Hu Wenhai, who went on a killing spree after a failed bid to expose the alleged corruption of the local party chief, is played with a swagger like a hero from the Outlaw Of The Marshes.
The martial arts reference underscores perhaps the sense that the Chinese are living in a topsy turvy world in which one has to take matters into one's hands.
Unlike Jia's earlier works, with their freer rhythm and looser narrative, A Touch Of Sin gets down to business briskly.
Each narrative thread is connected to another with an overlapping character. In one instance, the bank robber whose story we have been tracking gets off the bus and the camera shifts to another passenger and the narrative shifts to this next protagonist, a factory manager.
When the manager's tale is done, we see him talking to two migrant workers and the camera moves on to the next story.
Jia has a wry eye on the ironies of modern China: Like when a truck with villagers holding up a portrait of Jesus Christ makes a turn in front of a Mao Zedong statute. Or when social escorts at a sex club in Dongguan, south China, parade in Red Guard uniforms with plunging necklines in front of men in suits.
The movie is a broad survey of China's struggling lower classes, taking in stories, dialects and accents from all corners.
In the segment on the Foxconn suicides, a man with a Taiwanese accent tells a Hunan teen starting work on the factory assembly line that he has a bright future. Days later, the young man jumps from his hostel building.
Many of the scenarios contain pointed commentaries about the dismal state of affairs in China.
For instance, the Hunan teen chats with his fellow Hunanese, a female sex worker at the Dongguan club, over the news articles she reads on an iPad.
An official was found with 120 Louis Vuitton bags, she exclaims. Shall we leave a comment, she asked her male friend. Yes, TMD, he says in his thick Hunan accent. This means"tamade", a swear word in Chinese.
She then reads another news item about dozens of coal miners dying in a blast. She turns to him and again asks him what she should post. Again, he says, let's put down TMD.
It's almost as if Jia is saying, if the internet is supposed to bring change and give voice to the masses, this is the sad truth instead: one can swear as much as one likes but what can one change?
In another scene, a few women stand around to watch and eat peanuts as Xiaoyu, the character representing Deng Yujiao, gets beaten up by thugs hired by the wife of her married lover.
Bruised and bloodied, Xiaoyu staggers towards a white van that looks like a first-aid station.
It is actually a "quack" station promising miracles from a snake deity that can solve all ills.
At least the young woman posing as a snake deity offers Xiaoyu a tissue. It's as if Jia is saying that tricksters may be selling "snake oil" to the faithless, but people have to fall back on whatever works in this age of amorality.
In another scene, a client at the Dongguan sex club who asked to be serviced by a sex worker wearing a train attendant uniform questions, "Are there any innovations recently?"

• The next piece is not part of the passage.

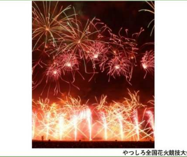
やつしろ全国花火競技大会

So a top-down emphasis from the central authorities on innovation - China has to upgrade its economy to deliver prosperity to its people - has trickled down to even the country's sex joints.
The movie is not without flaws and it has been criticised for being too commercial.
But overall, it hits home with its sharp portrayal of the injustices of life in China and the sinful responses that they sometimes trigger.